Another intriguing feature is the ability to simply raise the S III to your ear — while in the middle of typing a text — if you decide to call instead. There’s also face recognition to identify people you’ve tagged in your social networks for account linking.
S Beam (enhanced Android Beam) combines NFC and Wi-Fi Direct to enable fast sharing of files — up to 1GB in three minutes — between devices. DLNA-based AllShare Cast allows content on the phone to be streamed to a compatible display; AllShare Play lets you send media “regardless of the distance between devices,” suggesting the possibility of internet routing of content. There’s also “Group Cast,” which shares your phone’s screen with other users on the same network and allows them to annotate and add comments.
Samsung is launching “Music Hub” an iTunes Match like music service with 17-million songs, in seven countries. Samsung will also introduce S Health — a personal wellness app.

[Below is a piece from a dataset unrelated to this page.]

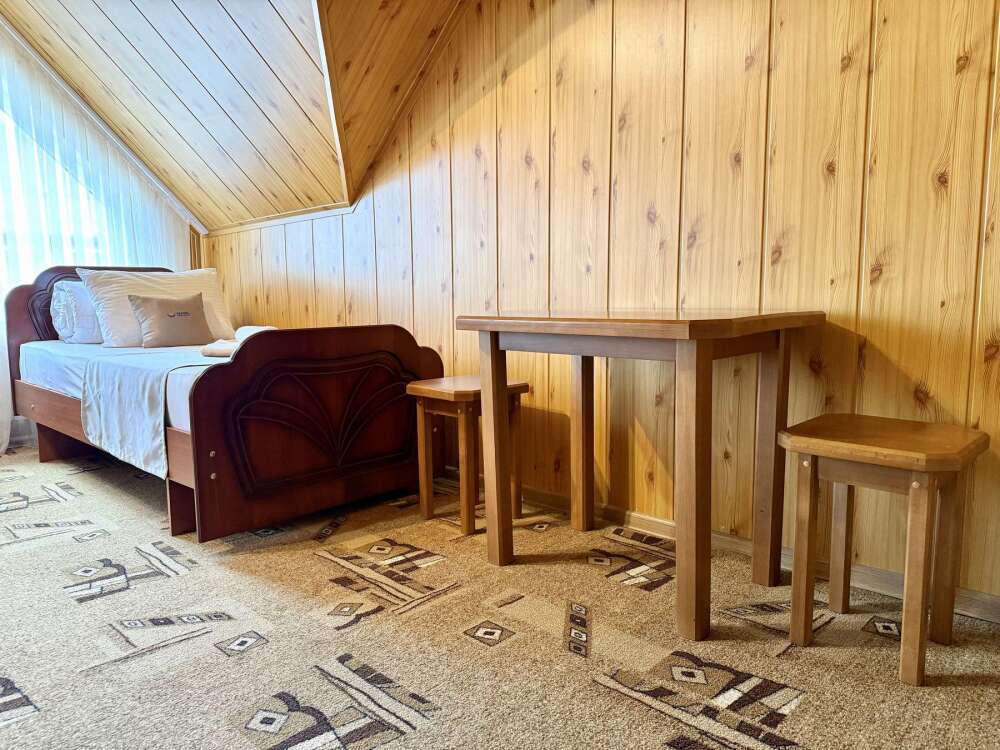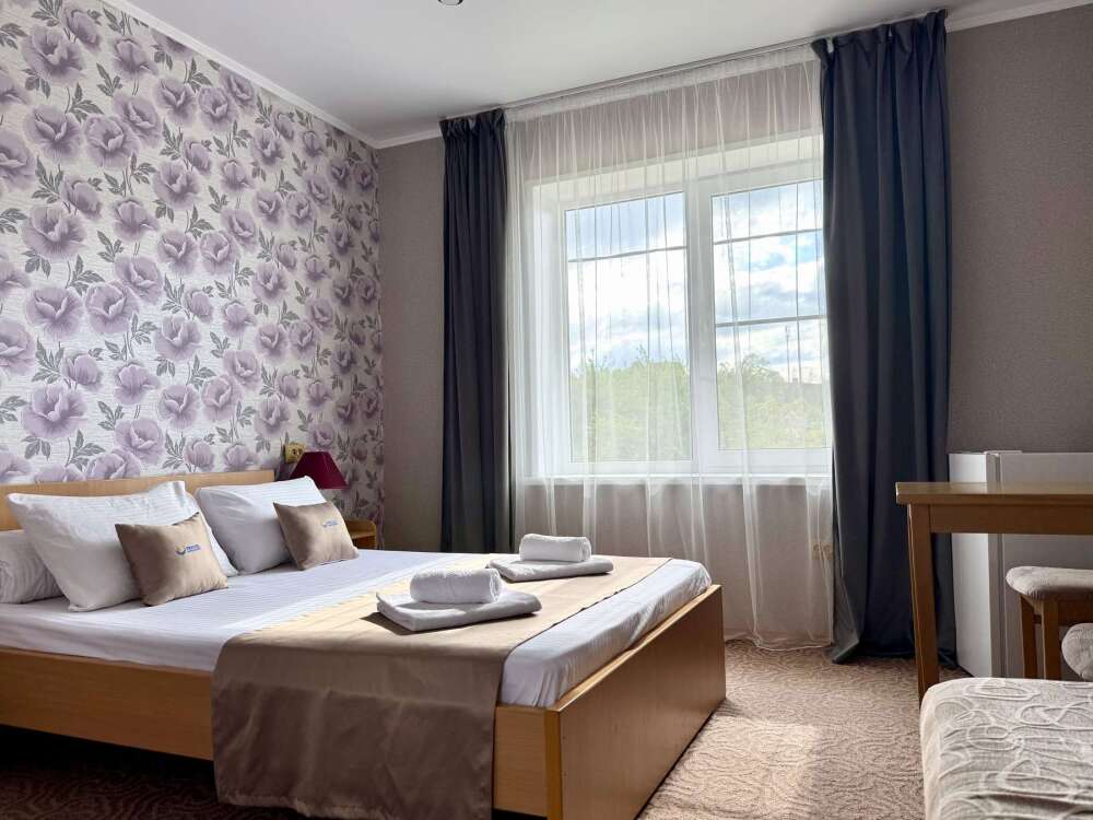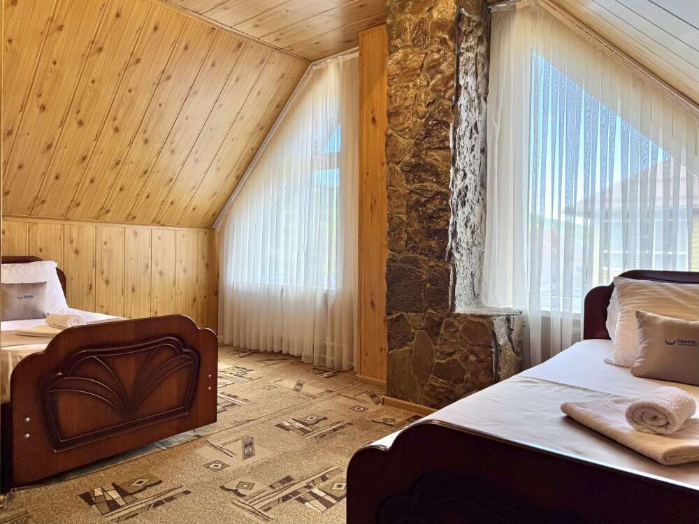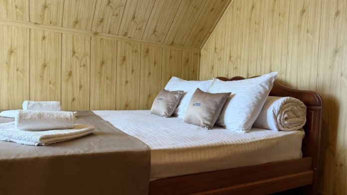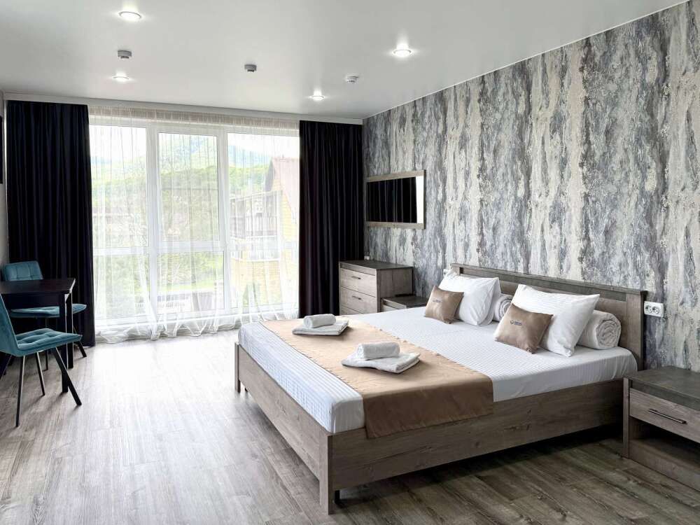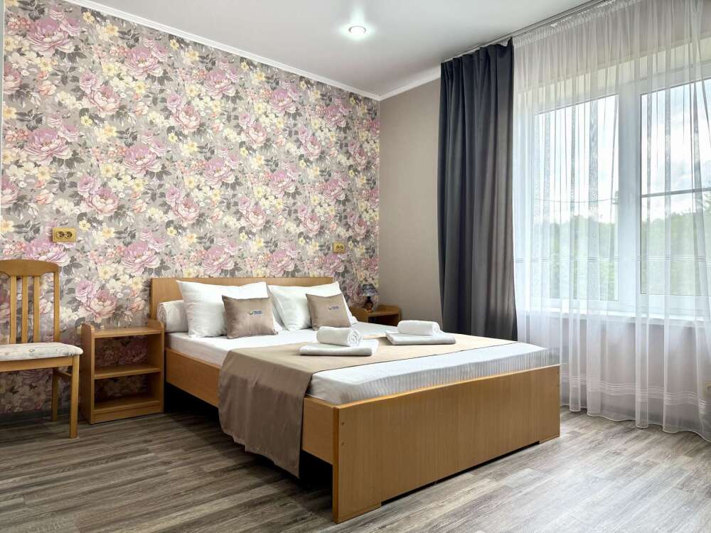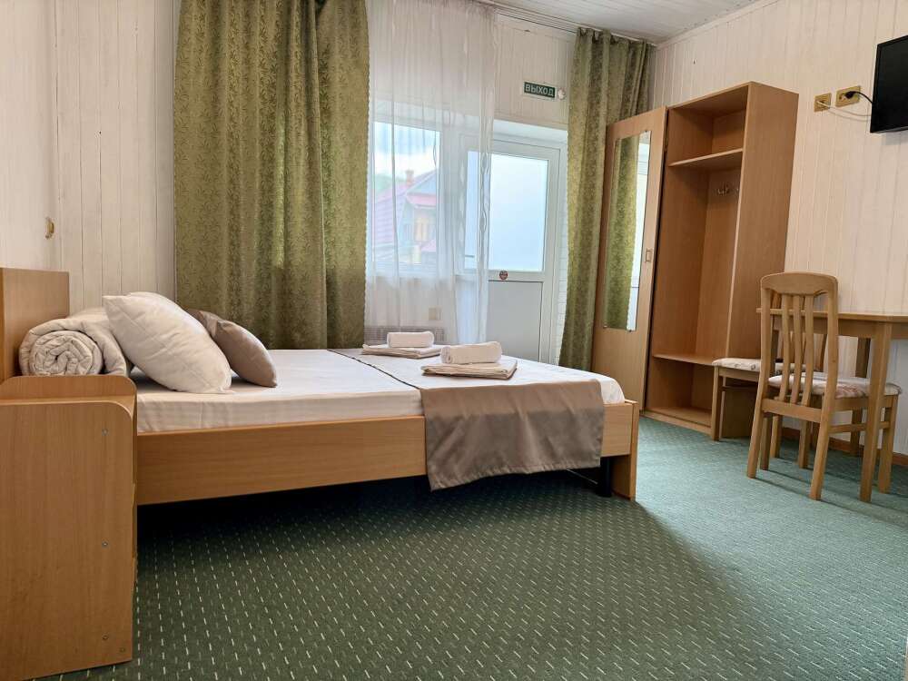 Номер с двуспальной кроватью, где после активного дня на природе вы окунётесь в тишину и отдых.
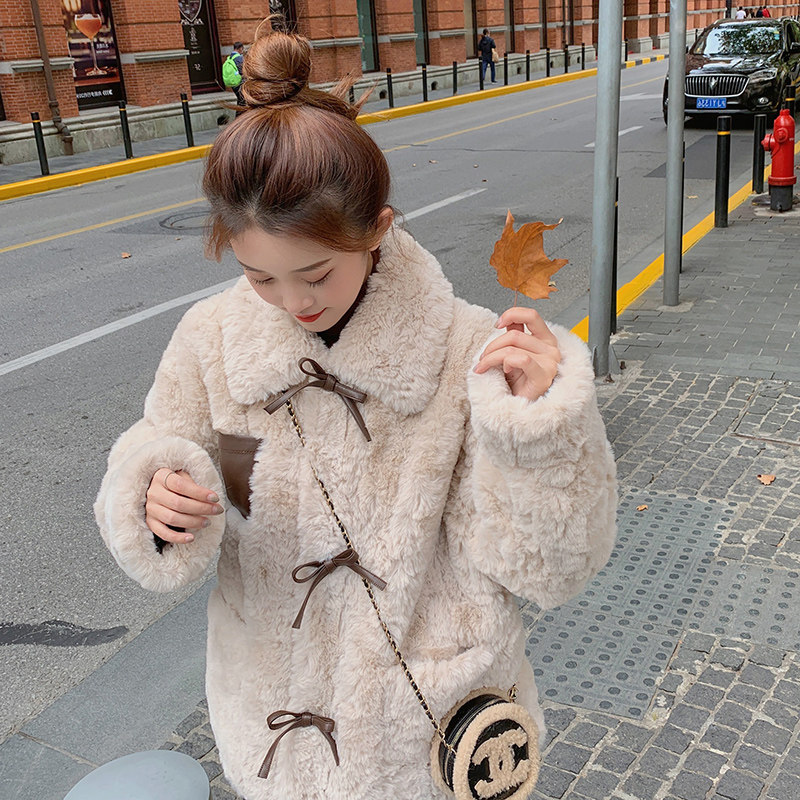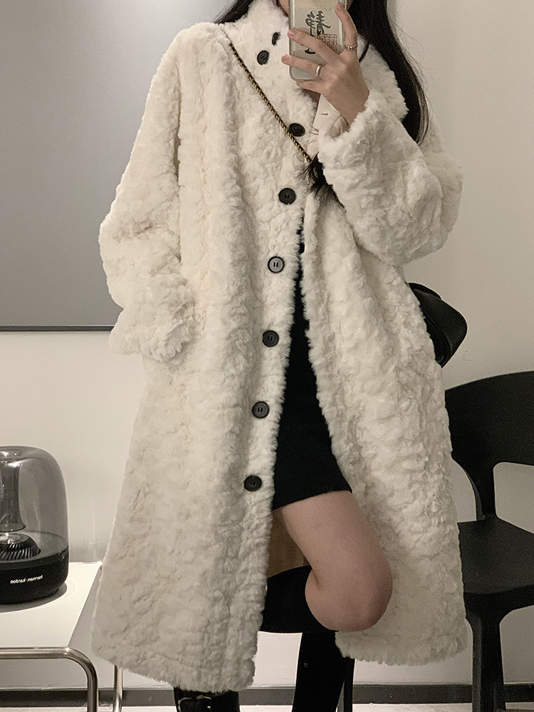 LILY MOST长款羊羔毛外套女冬新款皮草兔毛绒茸加厚牛角扣大衣

Built on top of Ice Cream Sandwich, the S III runs on Samsung’s proprietary “nature inspired” TouchWiz Nature UX and features Siri-like voice control called “S Voice”. You use the key phrase “Hi Galaxy” to initialise it and it understands eight languages. The voice recognition can also be customised. You can for example say “snooze” to shut off your alarm when it goes off or “direct call” to dial someone that you’re in the middle of texting.